Python crawler crawling Zhaopin recruitment requirements

Source: Internet
Author: User
Tags xpath
I climbed Zhaopin today. About the request for Python, this code has nothing to say, and the same as the last, add things will be said later. All recruitment information on the page can be captured by recruiting information inside

 fromBs4ImportBeautifulSoupImportRequests url2 = ' http://sou.zhaopin.com/jobs/searchresult.ashx?kw=python&sm=0&p=1 ' #print (res.text) headers = {' user-agent ': ' mozilla/5.0 (Windows NT 10.0;  WOW64) applewebkit/537.36 (khtml, like Gecko) chrome/56.0.2924.87 safari/537.36 ', ' Host ': ' sou.zhaopin.com ',} web_data = Requests.get (url2, headers = headers) # print (web_data.text) soup = BeautifulSoup (web_data.text, ' Html.parser ') forI inSoup.select (' A '): # if i[' href '][:24] = = ' http://jobs.zhaopin.com/': # Print (i[' href '])Try:ifi[' href '].startswith (' http://jobs.zhaopin.com/'): info = requests.get (i[' href ']) Infosoup = Beautifu Lsoup (Info.text, ' Html.parser ') forA inInfosoup.select ('. Tab-inner-cont '):Try: Print (A.text)exceptKeyerror: PassexceptKeyerror: Pass

knock This code out of the process of encountering problems.

headers = {
' user-agent ':
' mozilla/5.0 (Windows NT 10.0; WOW64) applewebkit/537.36 (khtml, like Gecko) chrome/56.0.2924.87 safari/537.36 ',
 ' Host ': ' sou.zhaopin.com ',
}
When crawling home page, you can get the source code, but to the specific recruitment pages inside, found always return the wrong code. It turns out to be an anti-reptile, to add an agent. is the headers above.

try:
    i[' href '].startswith (' http://jobs.zhaopin.com/'):
        info = requests.get (i[' href '])
        Infosoup = BeautifulSoup (Info.text, ' Html.parser ')
         infosoup.select ('. Tab-inner-cont '): Try: Print ( 
            
                a.text)
             keyerror:
                pass
keyerror:
     Pass

This is a mistake that has been reported as a keyerror.
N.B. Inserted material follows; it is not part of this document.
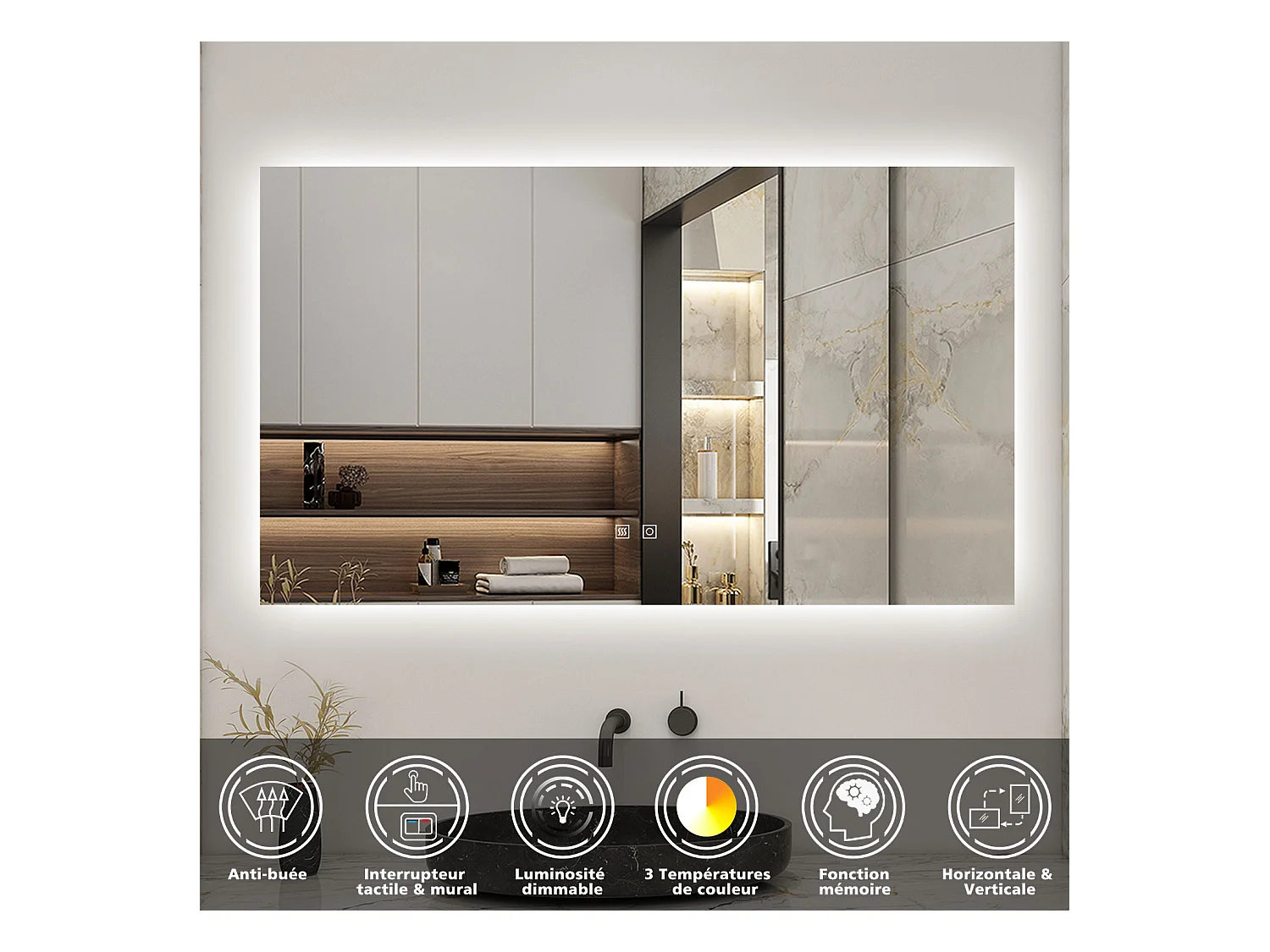 AICA Ensemble meuble Salle de Bain Blanc avec vasque L.100cm + Miroir rétro-éclairage & Tricolore 100x60cm

Then accept the answer, need to add an exception, is above the try:......except Keyerror:pass on the line.


The above code, you can see because it is class so crawled down, not all of the Python application requirements look below

HTML
Requests

# page = Requests.get (' http://econpy.pythonanywhere.com/ex/001.html ')
# tree = Html.fromstring (page.content)
# #This'll create a list of buyers:
# buyers = Tree.xpath ('//div[@title = " Buyer-name "]/text ()")
# #This would create a list of prices
# prices = Tree.xpath ('//span[@class = ' Item-price ']/ Text () ')
#
print (' Buyers: ', buyers)
# print (' Prices: ', prices)

page = Requests.get ("http:// Jobs.zhaopin.com/450575810250022.htm?ssidkey=y&ss=201&ff=03&sg=d382e8f6a66b4c9e800b41c98de68d55 &so=1&uid=689899307 ") Tree
= html.fromstring (page.content)
content = Tree.xpath ('//div[@class =" Tab-inner-cont "]/p/text ()")
print (content)

This code has been tested. You can only crawl the Pyhton recruiting section. Because it's the XPath method. But copy XPath. Always get a space. The comment is the code on the Web. I just changed it.

div[@class = "Tab-inner-cont"]/p/text ()

It turns out that the right thing to do is to mend. It won't be discussed.

Related Article

Contact Us

The content source of this page is from Internet, which doesn't represent Alibaba Cloud's opinion; products and services mentioned on that page don't have any relationship with Alibaba Cloud. If the content of the page makes you feel confusing, please write us an email, we will handle the problem within 5 days after receiving your email.

If you find any instances of plagiarism from the community, please send an email to: info-contact@alibabacloud.com and provide relevant evidence. A staff member will contact you within 5 working days.

A Free Trial That Lets You Build Big!

Start building with 50+ products and up to 12 months usage for Elastic Compute Service

  • Sales Support

    1 on 1 presale consultation

  • After-Sales Support

    24/7 Technical Support 6 Free Tickets per Quarter Faster Response

  • Alibaba Cloud offers highly flexible support services tailored to meet your exact needs.